= Credit Rating Agency of Bangladesh Limited =

The Credit Rating Agency of Bangladesh Ltd. (CRAB) is the leading credit rating company in Bangladesh.

== Overview ==
CRAB is a technical partner of ICRA Limited, India. The company was promoted by some of the leading industrial and business personalities of the country as well as institutional investors.

CRAB is an external credit assessment institution accredited by Bangladesh Bank, the central bank of Bangladesh. This allows the company's ratings to be used by banks and financial institutions for capital adequacy reporting under Basel 2 and 3.

It is also accredited with Insurance Development & Regulatory Authority of Bangladesh for rating of insurance companies.

By 2014, CRAB had rated more than 4,000 entities and instruments across a wide spectrum of industries, including agro inputs, automotive, cement, cold storage, textile, garments, engineering, rice mill, food and allied, pharmaceuticals, telecom, steel, trading, banks, FIs, MFIs, insurances and utilities (power, oil & gas, and transportation).

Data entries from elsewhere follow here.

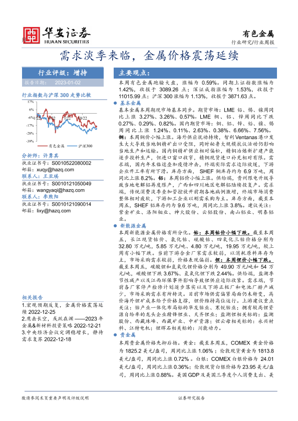 【华安证券】【20230102】20230102-华安证券-有色金属行业周报:需求淡季来临,金属价格震荡延续-18页
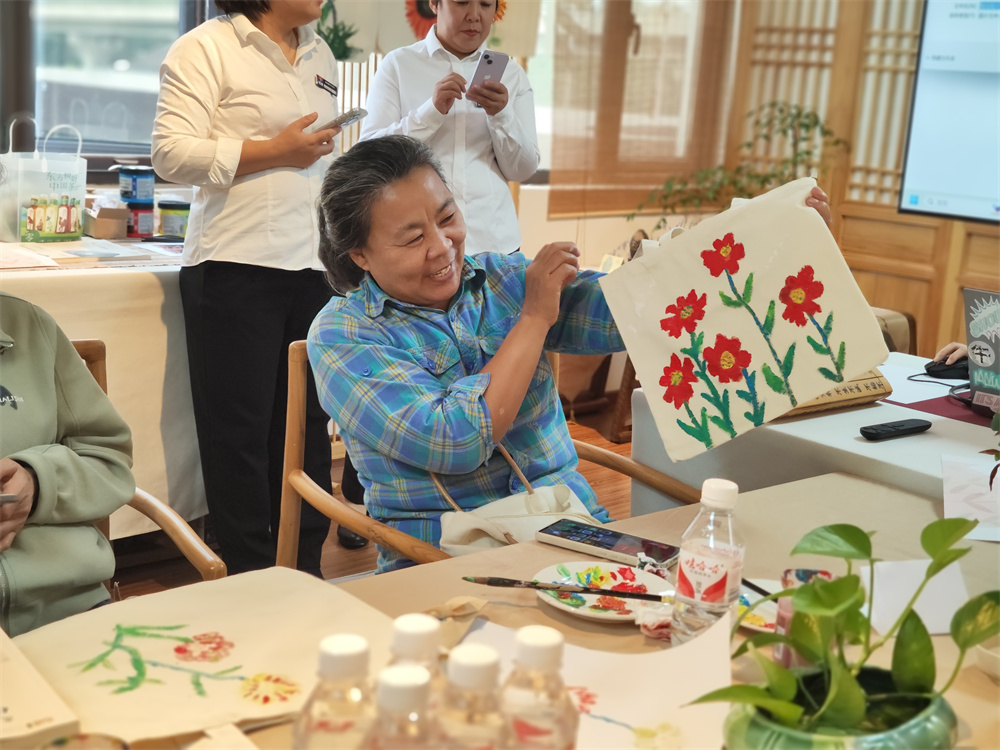 随后是布袋绘画环节,在色彩的世界里,丙烯颜料将创意具象化。大家拿起画笔,在布袋上挥洒无限想象。有人画出娇艳花朵,将大自然的美丽浓缩于一方布袋之上;有人则描绘出卡通形象,造型可爱、色彩明亮,每一笔都承载着创作者的情感与创意。
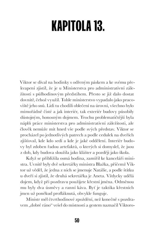 Novela z prostředí politické arény o politickém poradci a spin doctorovi Viktoru Langovi. Na pozadí dynamického příběhu jsou vysvětlovány principy moci, na které kniha nabízí jedinečný pohled.
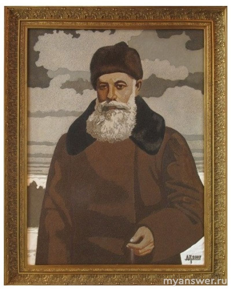 В одном из музеев г. Санкт‑Петербурга хранится портрет выдающегося учёного России, который выполнен в оригинальной технике без использования традиционных красок.
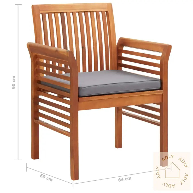 Bordet og stolene er laget av solid akasietre som har fått en holdbar oljebehandling for ekstra beskyttelse mot vær og vind. Lamelldesignet gir ikke bare god ventilasjon, men gjør også at møblene tørker raskere etter regn eller vask. Den behandlete overflaten er dessuten enkel å holde ren, så du slipper unødvendig vedlikehold. De medfølgende putene med myk skumpolstring gir ekstra komfort, slik at du kan nyte mange avslappende timer ute.
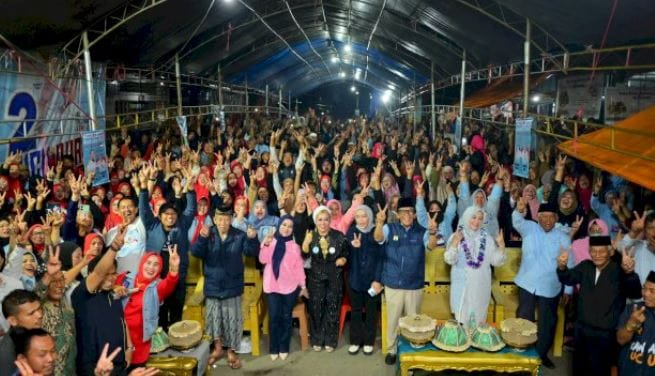 ENREKANG – Malam di Pasar Sentral Sudu, Kecamatan Alla, Kabupaten Enrekang, terasa berbeda. Pasar yang biasanya ramai aktivitas jual beli kini dipenuhi ribuan warga yang antusias menyambut calon wakil gubernur Sulawesi Selatan nomor urut 2, Fatmawati Rusdi, Senin (4/11/24).

CRAB's highly specialized analyst teams servicing clients across the country and thereby ensuring comprehensive geographic coverage. CRAB's ratings are used extensively by all kinds of investors and lenders to assess risks associated with credit or investment decisions. Besides, CRAB's ratings and consultancy are also used as key inputs for strategic purposes by players in the corporate, public finance, financial, infrastructure and utilities, and structured finance sectors, among others.